This problem requires a relatively high efficiency.
The problem requires the median of two sorted arrays. We know that for one sorted array, the median is the length/2 number when length of the array is even, length/2 + 1 when odd. So actually we can convert this problem to an even more common problem: how to find Kth number from two sorted array?
The straight forward thought is to merge and then get the Kth number, while the time complexity is not acceptable. Actually we should take the advantage of two sorted arrays.
The solution is to remove K/2 elements from two arrays recursively. There are two problems: what if the length is not enough and which part to get rid of?
The first problem is simple: because we do it recursively, we can always put this under control.
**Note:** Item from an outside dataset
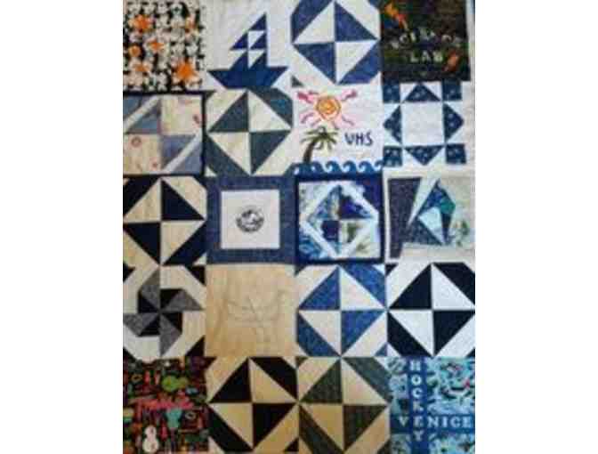 This a one of a kind, handcrafted quilt. It was created for this special event to raise funds for the arts at Venice High. Each square was made with love by members of the Quilts for the Heart local chapter. Note the dominate blue and white color scheme with a variety of special blocks which depict Venice High in various ways.

The second problem requires some thought. There are only two case: the wanted number is in the range or not. Unfortunately we cannot decide it is in or not, but something is true: we can always remove some part. Because we pick K elements from two arrays, if the wanted number is in the K elements, it should be the largest number; else, it should be even larger. In both cases, the smaller part can be removed because the wanted number is not there for sure.
Also there are other ways to achieve this purpose. [Reference: kamyu104's GitHub]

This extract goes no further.